Figure 1. Basic Configuration of DPFC
In recent times, Distributed Power Flow Controller is an important device within the family of FACTS Devices. This paper investigates Multi Level Inverter (MLI) based Distributed Power Flow Controller (DPFC) system for voltage sag mitigation and harmonic reduction. The DPFC employs a Shunt based Static Compensator (STATCOM) and multiple series converters to improve the power quality. DPFC was placed at the correct location in the power transmission system to gain advantages like improved voltage profile and reduced power loss. Circuit models are developed for Eight bus system with and without DPFC. The MATLAB/SIMULINK results obtained shows an improved performance in voltage sag mitigation, voltage quality of load busses, power quality improvement, comparison of the bus voltages with and without DPFC and reduction in load voltage harmonics. The results indicate that MLI based DPFC has improved in power quality and reduction in total harmonic reduction.
The flexible AC transmission system (FACTS) technology is the application of high power devices in transmission systems [1]. The main purpose of this technology is to control and regulate the voltage in the power systems.

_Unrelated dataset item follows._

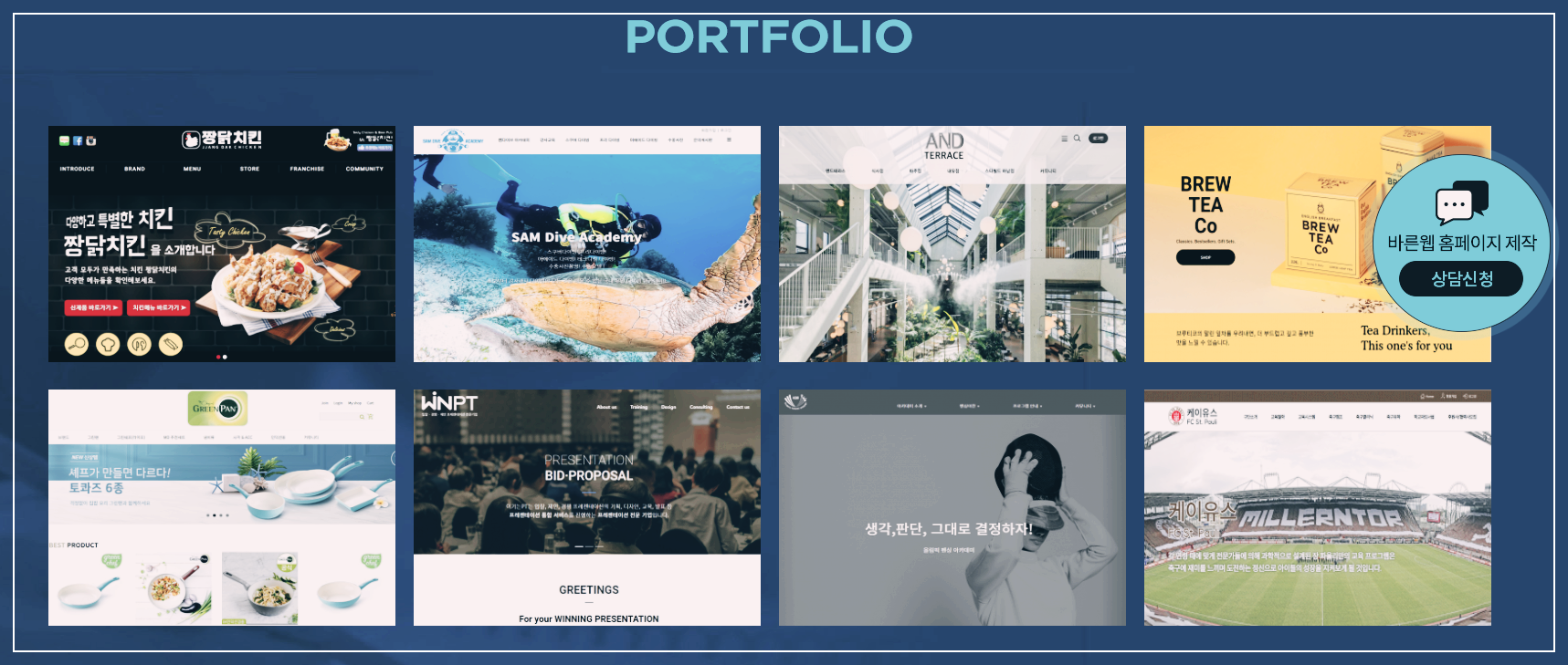 그 외에도 바른웹에서 직접 디자인하고 만들어진 사이트들이 많다. 홈페이지는 내 가게, 기업, 사업장을 보여주는 온라인 매장과도 같다. 즉, 간판이며 이미지가 된다. 그래서 홈페이지를 제작에 있어 꼼꼼히 따져보아야 한다.

This is achieved by using converters as a controllable element between two power systems. The resulting converter representations can be useful for a variety of configurations. Basically, the family of FACTS devices based on Voltage Source Converters (VSCs) consist of a series compensator or a shunt compensator [2]. The static Compensator (STATCOM) is a shunt connected device that is able to provide reactive power support at a network location near load centre. Through this reactive power injection, the STATCOM can regulate the voltage at the receiving end. The Static Synchronous Series Compensator (SSSC) is a series device which injects a voltage in series with the line to compensate the line impedance drop [5] .

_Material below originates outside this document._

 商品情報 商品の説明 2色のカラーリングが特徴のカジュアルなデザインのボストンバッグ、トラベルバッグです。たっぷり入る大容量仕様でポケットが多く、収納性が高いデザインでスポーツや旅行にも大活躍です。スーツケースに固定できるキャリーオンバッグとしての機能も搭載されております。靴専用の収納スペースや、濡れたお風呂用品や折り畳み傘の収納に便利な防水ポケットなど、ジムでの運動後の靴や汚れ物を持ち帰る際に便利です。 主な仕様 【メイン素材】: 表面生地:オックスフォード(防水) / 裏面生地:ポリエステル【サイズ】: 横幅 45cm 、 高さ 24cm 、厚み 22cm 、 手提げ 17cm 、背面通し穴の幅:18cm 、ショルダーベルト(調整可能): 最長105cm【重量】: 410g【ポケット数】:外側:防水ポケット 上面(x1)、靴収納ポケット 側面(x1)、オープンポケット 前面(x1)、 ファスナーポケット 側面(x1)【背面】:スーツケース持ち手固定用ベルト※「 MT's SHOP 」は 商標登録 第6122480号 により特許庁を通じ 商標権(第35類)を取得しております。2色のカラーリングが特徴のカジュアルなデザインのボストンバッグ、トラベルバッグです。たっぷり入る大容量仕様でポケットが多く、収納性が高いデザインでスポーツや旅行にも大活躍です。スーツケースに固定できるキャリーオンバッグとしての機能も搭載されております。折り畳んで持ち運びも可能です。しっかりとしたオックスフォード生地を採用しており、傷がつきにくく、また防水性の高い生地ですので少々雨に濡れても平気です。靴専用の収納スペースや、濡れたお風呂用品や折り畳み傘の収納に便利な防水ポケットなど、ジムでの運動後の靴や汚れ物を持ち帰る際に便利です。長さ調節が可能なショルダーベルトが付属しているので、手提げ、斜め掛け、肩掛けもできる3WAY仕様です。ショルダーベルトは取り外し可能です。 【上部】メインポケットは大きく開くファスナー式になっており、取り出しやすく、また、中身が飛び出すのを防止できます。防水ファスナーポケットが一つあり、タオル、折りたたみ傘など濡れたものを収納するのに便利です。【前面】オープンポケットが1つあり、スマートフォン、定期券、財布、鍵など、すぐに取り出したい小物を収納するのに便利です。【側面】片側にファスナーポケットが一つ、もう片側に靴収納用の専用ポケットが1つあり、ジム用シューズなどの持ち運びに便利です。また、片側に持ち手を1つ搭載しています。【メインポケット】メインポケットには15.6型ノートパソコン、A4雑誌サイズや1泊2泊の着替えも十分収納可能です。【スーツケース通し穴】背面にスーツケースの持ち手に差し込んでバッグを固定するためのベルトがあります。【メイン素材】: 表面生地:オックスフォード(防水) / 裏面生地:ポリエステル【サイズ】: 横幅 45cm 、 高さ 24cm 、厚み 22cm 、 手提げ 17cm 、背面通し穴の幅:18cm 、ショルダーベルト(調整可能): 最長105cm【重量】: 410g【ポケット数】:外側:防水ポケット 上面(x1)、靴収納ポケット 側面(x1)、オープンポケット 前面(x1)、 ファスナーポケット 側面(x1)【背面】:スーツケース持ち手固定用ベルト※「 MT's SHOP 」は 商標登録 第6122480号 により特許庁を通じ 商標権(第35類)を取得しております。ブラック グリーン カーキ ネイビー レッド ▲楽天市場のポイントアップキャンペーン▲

Ideally, this injected voltage is in quadrature with the line current, such that the SSSC behaves like an inductor or a capacitor for the purpose of increasing or decreasing the voltage drop across the line. In this operating mode, the SSSC does not interchange any real power with the system in steady state. The Unified Power Flow Controller (UPFC) is the most versatile device of the family of FACTS devices [3], since it can control the active and the reactive power, respectively, as well as the voltage at the connection node. UPFC comprises of a STATCOM and a SSSC coupled via a common DC link to allow bidirectional flow of active power between the series output terminals of the SSSC and the shunt output terminals of the STATCOM. Each converter can independently generate (or) absorb reactive power at its own bus. The two controlled converters are operated from a DC link provided by a DC storage capacitor [3].
The DPFC is able to control all system parameters like line impedance, transmission angle and bus voltage. The DPFC eliminates the common DC wires between the shunt and series converters. The active power exchange between the shunt and the series converter is through the transmission line at the third-harmonic frequency. The series converter of the DPFC employs the distributed FACTS (D-FACTS) concept [6]. Comparing with the UPFC, the DPFC has advantages like Low cost and High reliability because of the redundancy of the series converters and high control capability [10].
FACTS are discussed by Song and John, [1]. Concepts and technology of FACTS are given by L. Gyugyi, and Hingorani, [2]. Concept of UPFC is given by Williams, et al., [3]. Terms and definition of FACTS are given by Edris [4]. Static Synchronous Series Compensator theory is given by K.K. Sen [5]. A Distributed Static Series Compensator system for realizing active power flow control on existing power lines is given by M.D. Deepak, and E.B. Williams [6]. DPFC control during shunt converter failure is given by Y. Zhihui, and B. Ferreira [7].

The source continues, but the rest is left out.